We conclude that Guidelines section 15152(f)(3)(C) is inconsistent with controlling CEQA law and is therefore invalid.
7. Guidelines Section 15378(b)(5) Definition of Project: Organizational Activities Which Are Political or Not Physical Changes Excluded from Definition of "Project"
As noted, with certain exceptions, CEQA requires public agencies to prepare an EIR for any "project" they intend to carry out or approve which may have a significant effect on the environment.[67] Under CEQA section 21065, "`[project' means an activity which may cause either a direct physical change in the environment, or a reasonably foreseeable indirect physical change in the environment...."
Guidelines section 15378(b)(5) excludes from the definition of "project" the following:
"Organizational or administrative activities of governments which are political or which are not physical changes in the environment (such as the reorganization of a school district or detachment of park land)."
There are two problems with this Guideline, one grammatical and one substantive.

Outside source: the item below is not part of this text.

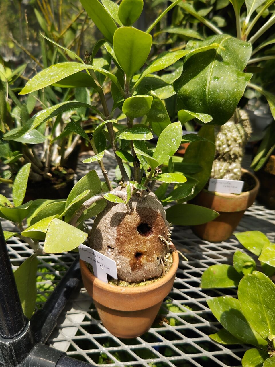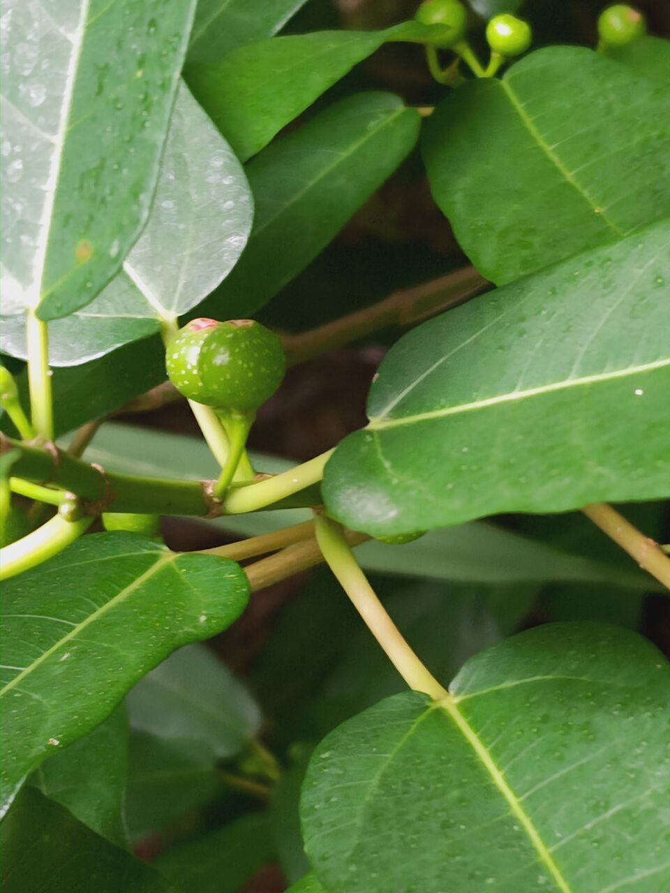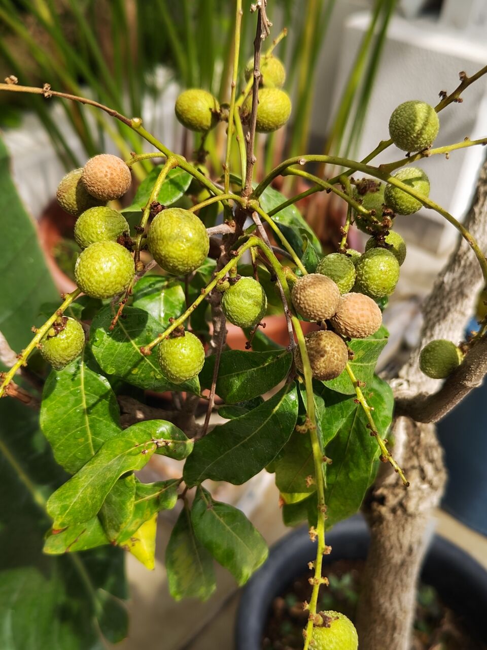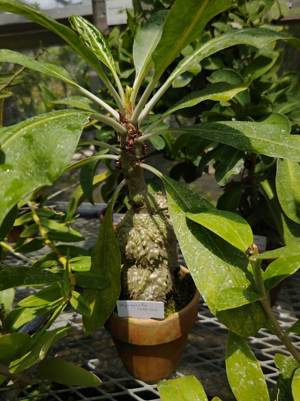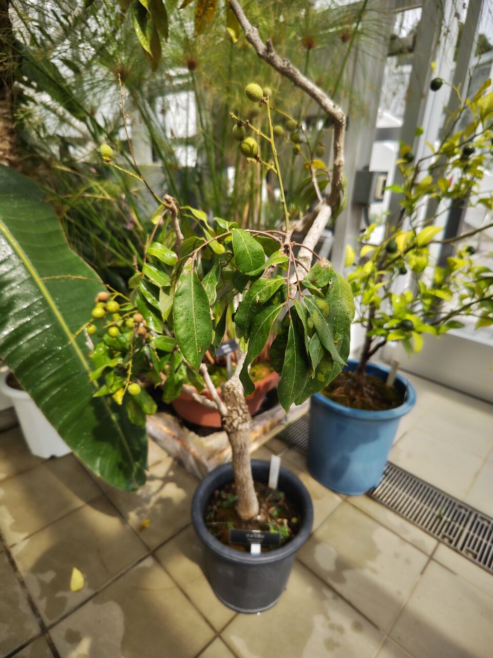 ブラシノキの仲間(Callistemon)やチョウジ(Syzygium aromaticum)などフトモモ科の植物は植物園でそれなりに見ていますが、フトモモは初めて見ました。しかし、近年のオージープランツの流行によりフトモモ科植物も見かけるようになってきました。レンブ(S. samarangense)のような面白い実がなります。

The grammatical problem is with the use of the disjunctive "or." Under that disjunctive, governmental political activities of an organizational or administrative nature are excluded from the definition of "project" for CEQA purposes. This blanket exclusion cuts too broad a swath; in an Alice-In-Wonderland kind of way, it could arguably be stretched to encompass the very approval of a project. Even the proponent of this Guideline recognizes the impermissibly broad nature of this measure, noting that "[i]n order to qualify as exempt under [it], the organizational or administrative activities must be both political and ... not result in physical changes to the environment." (Italics in original.)
The substantive problem concerns the language "which are not physical changes in the environment." Under the relevant CEQA statute, section 21065, a CEQA "project" encompasses an activity "which may cause either direct physical change in the environment, or a reasonably foreseeable indirect physical change in the environment...." (Italics added.) But Guidelines section 15378(b)(5) flatly exempts from CEQA those qualifying activities "which are not physical changes in the environment," even if those activities may cause physical changes in the environment. Guidelines section 15378(b)(5) encompasses only activities "which are not physical changes"; the section does not say, activities which do not cause or result in direct or indirect physical changes. This has significance because purely administrative or organizational activities of government, on their own, are seldom physical changes in the environment, but may lead to such changes.[68]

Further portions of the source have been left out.